_Requirement_: Find the line with "Our refrigerator cleaning" in the data below. Repeat it and every line after it up to the end, exactly, but drop the pictures.

*** Opening of Records for processing ***

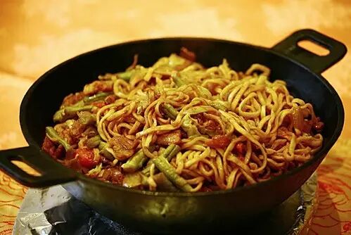 焖面是内蒙古中西部人喜欢的家常面食,主料是面粉,配料主要是豆角和肉。其他随自己喜好而加。
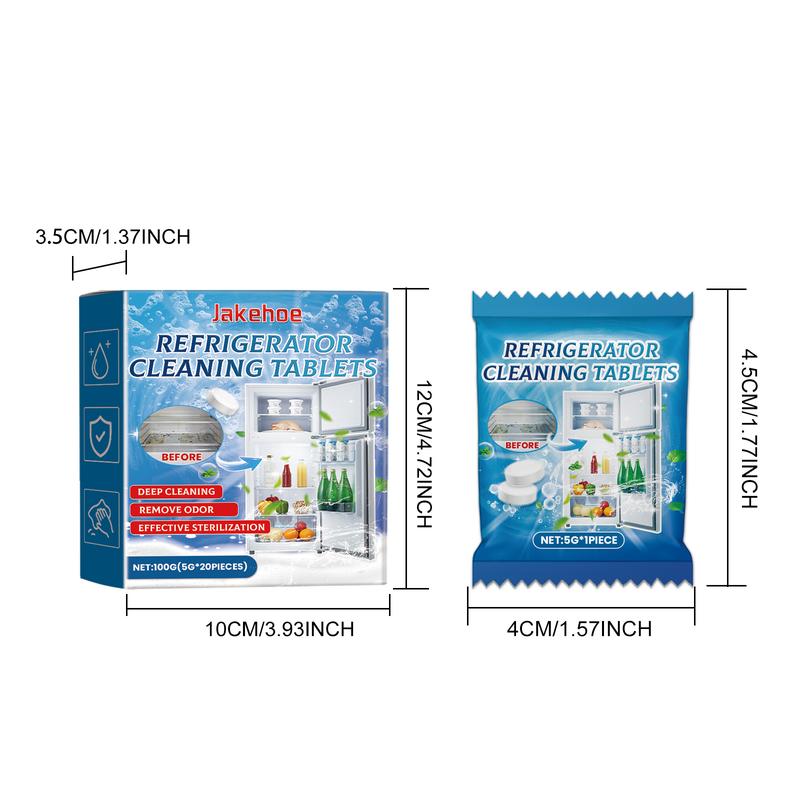 Our refrigerator cleaning tablets contain sodium bicarbonate and citric acid. It can have a sweet fruity aroma, which can effectively remove refrigerator odors and make the refrigerator smell fresher. It can effectively remove mold in the refrigerator and keep food fresh longer. Its use method is simple: 1. Dissolve a grain of refrigerator cleaning solution in a pot of warm water; 2. Wipe the inside and outside of the refrigerator with a towel dampened with cleaning solution. It can effectively remove stains on the refrigerator and make the refrigerator look new.
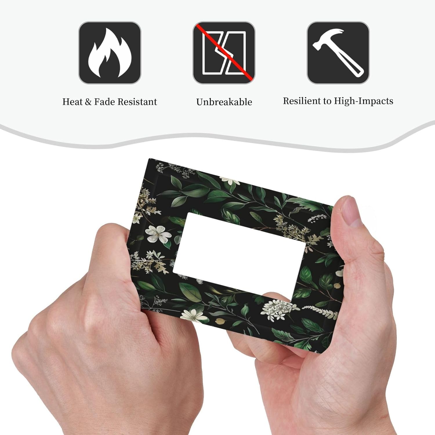 Decorative Outlet Covers Rustic Green Leaves White Flower 1 Gang Single Decora GFCI Device Light Switch Covers Plate 1 Rocker Wall Plate Jumbo Faceplate for Country Bedroom Home Decor
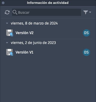 Utilice la herramienta Información de actividad para ver las aportaciones de sus compañeros de equipo a los archivos de dibujo compartidos, consultar historiales de versiones y colaborar en los productos de AutoCAD.
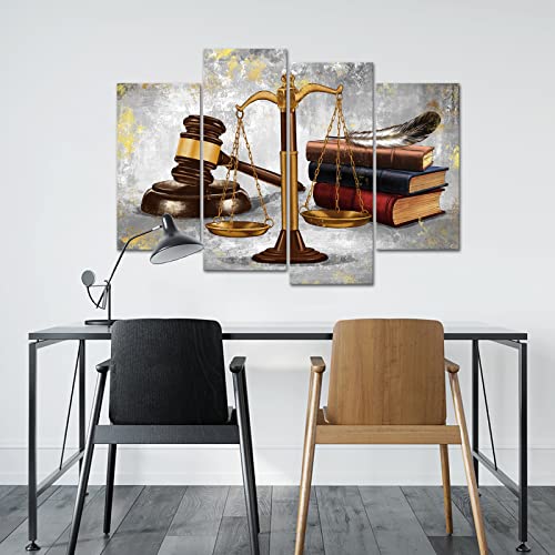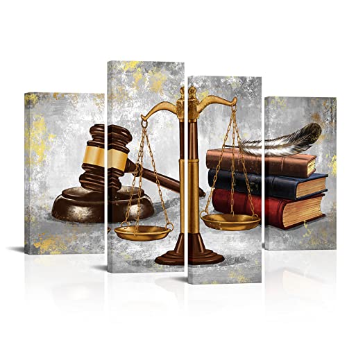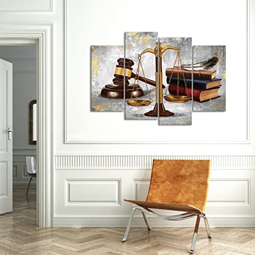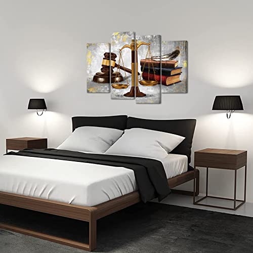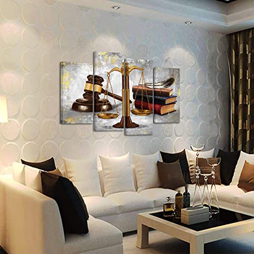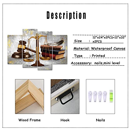 Saypeacher - لوحة فنية جدارية عتيقة لديكور غرفة مكتب المحاماة، لوحة فنية جدارية قماش بتصميم قانوني ميزان عدل ومطرقة عدالة لمكتب لمحاماة، لوحة مطبوعة على القماش من سايبيتشر، مقاس 30×60 سم× قطعتين+ 30×81 سم× قطعتين
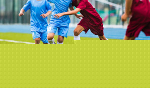 Young soccer players running towards soccer ball. Football soccer game for youth teams. Children playing soccer match

*** Close of Records for processing ***

_Solution to this exercise_:
 Our refrigerator cleaning tablets contain sodium bicarbonate and citric acid. It can have a sweet fruity aroma, which can effectively remove refrigerator odors and make the refrigerator smell fresher. It can effectively remove mold in the refrigerator and keep food fresh longer. Its use method is simple: 1. Dissolve a grain of refrigerator cleaning solution in a pot of warm water; 2. Wipe the inside and outside of the refrigerator with a towel dampened with cleaning solution. It can effectively remove stains on the refrigerator and make the refrigerator look new.
 Decorative Outlet Covers Rustic Green Leaves White Flower 1 Gang Single Decora GFCI Device Light Switch Covers Plate 1 Rocker Wall Plate Jumbo Faceplate for Country Bedroom Home Decor
 Utilice la herramienta Información de actividad para ver las aportaciones de sus compañeros de equipo a los archivos de dibujo compartidos, consultar historiales de versiones y colaborar en los productos de AutoCAD.
 Saypeacher - لوحة فنية جدارية عتيقة لديكور غرفة مكتب المحاماة، لوحة فنية جدارية قماش بتصميم قانوني ميزان عدل ومطرقة عدالة لمكتب لمحاماة، لوحة مطبوعة على القماش من سايبيتشر، مقاس 30×60 سم× قطعتين+ 30×81 سم× قطعتين
 Young soccer players running towards soccer ball. Football soccer game for youth teams. Children playing soccer match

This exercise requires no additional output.